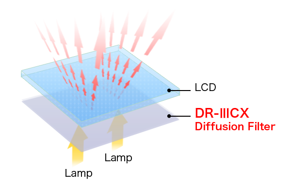 CLAREX DRⅢCX LIGHT DIFFUSION FILTER is an optical light diffusion filter combining light transmission with uniformly controlled diffusion. CLAREX DRⅢCX LIGHT DIFFUSION FILTER has a *color temperature of 6750K and it is adaptable to any backlit display.
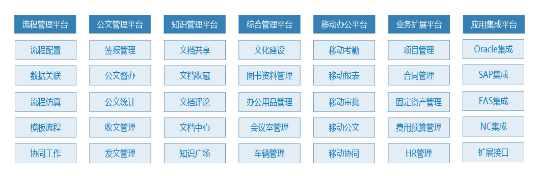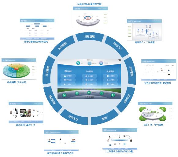 目标管理、会议管理、文化建设、移动办公,并能够与其他异构系统整合,打破信息孤岛,建立完整的有效的企业工作平台
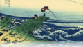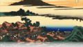 現在の長野県岡谷市、諏訪市、諏訪郡下諏訪町にまたがる湖を描いたもので、諏訪湖畔には、上諏訪・下諏訪その他の町が古くから発達していました。遠景に見える城は高島城です。諏訪湖越しに見る富士が藍の濃淡だけでつくられた藍摺(あいずり)によって美しく表現されています。諏訪湖にたった一艘だけ船が浮かんでいるのも、北斎の心憎い演出と言えます。遠近法を巧みに用いた構図も北斎独特のものです。
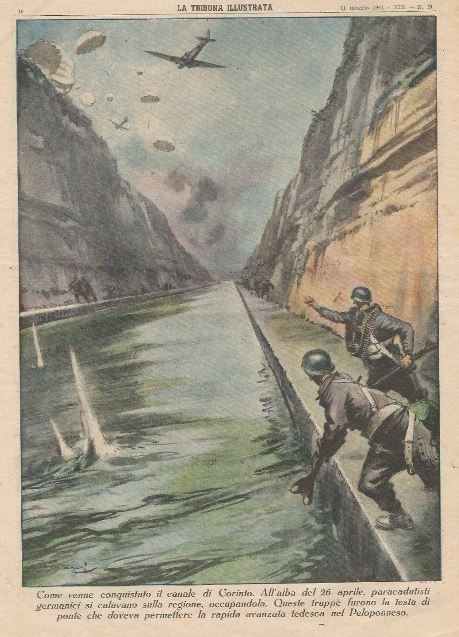 Στα τέλη Απριλίου του 1941 οι Γερμανοί είχαν φτάσει στον Ισθμό. Οι αλεξιπτωτιστές του Χίτλερ έπεφταν κατά σμήνη στη στενή γέφυρα γης για να την καταλάβουν και οι οπισθοχωρούντες Άγγλοι μαζί με τις τελευταίες τουφεκιές τους, ανατίναξαν και τη Διώρυγα. Μαζί και τη διπλή, χαλύβδινη γέφυρα, σιδηροδρομική και οδική που εξυπηρετούσε τη συγκοινωνία.
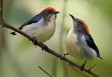 朱背啄花鸟:体重6-8克,体长81-97毫米。是一种小型的黑色及红色啄花鸟。雄鸟顶冠、背及腰猩红色,两翼、头侧及尾黑,两胁灰,下体余部白色。雌鸟上体橄榄色,腰及尾上覆羽猩红,尾黑。亚成鸟清灰色,嘴橘黄,…全部>>
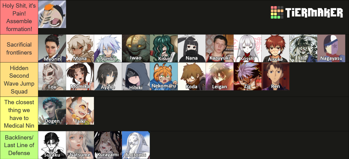 >>97684966AND HERE YOU HAVE IThttps://tiermaker.com/create/naruto-getsugakure-run-17629646I have to draw Kazuyuki a new faceclaim. Won’t go further than this weekend, trust
========
§ **REQUIRED WORK**:
Please ensure that the data above is repeated exactly, with no pictures in the copy.

§ **ANSWER TO THIS EXERCISE**:
 CLAREX DRⅢCX LIGHT DIFFUSION FILTER is an optical light diffusion filter combining light transmission with uniformly controlled diffusion. CLAREX DRⅢCX LIGHT DIFFUSION FILTER has a *color temperature of 6750K and it is adaptable to any backlit display.
 目标管理、会议管理、文化建设、移动办公,并能够与其他异构系统整合,打破信息孤岛,建立完整的有效的企业工作平台
 現在の長野県岡谷市、諏訪市、諏訪郡下諏訪町にまたがる湖を描いたもので、諏訪湖畔には、上諏訪・下諏訪その他の町が古くから発達していました。遠景に見える城は高島城です。諏訪湖越しに見る富士が藍の濃淡だけでつくられた藍摺(あいずり)によって美しく表現されています。諏訪湖にたった一艘だけ船が浮かんでいるのも、北斎の心憎い演出と言えます。遠近法を巧みに用いた構図も北斎独特のものです。
 Στα τέλη Απριλίου του 1941 οι Γερμανοί είχαν φτάσει στον Ισθμό. Οι αλεξιπτωτιστές του Χίτλερ έπεφταν κατά σμήνη στη στενή γέφυρα γης για να την καταλάβουν και οι οπισθοχωρούντες Άγγλοι μαζί με τις τελευταίες τουφεκιές τους, ανατίναξαν και τη Διώρυγα. Μαζί και τη διπλή, χαλύβδινη γέφυρα, σιδηροδρομική και οδική που εξυπηρετούσε τη συγκοινωνία.
 朱背啄花鸟:体重6-8克,体长81-97毫米。是一种小型的黑色及红色啄花鸟。雄鸟顶冠、背及腰猩红色,两翼、头侧及尾黑,两胁灰,下体余部白色。雌鸟上体橄榄色,腰及尾上覆羽猩红,尾黑。亚成鸟清灰色,嘴橘黄,…全部>>
 >>97684966AND HERE YOU HAVE IThttps://tiermaker.com/create/naruto-getsugakure-run-17629646I have to draw Kazuyuki a new faceclaim. Won’t go further than this weekend, trust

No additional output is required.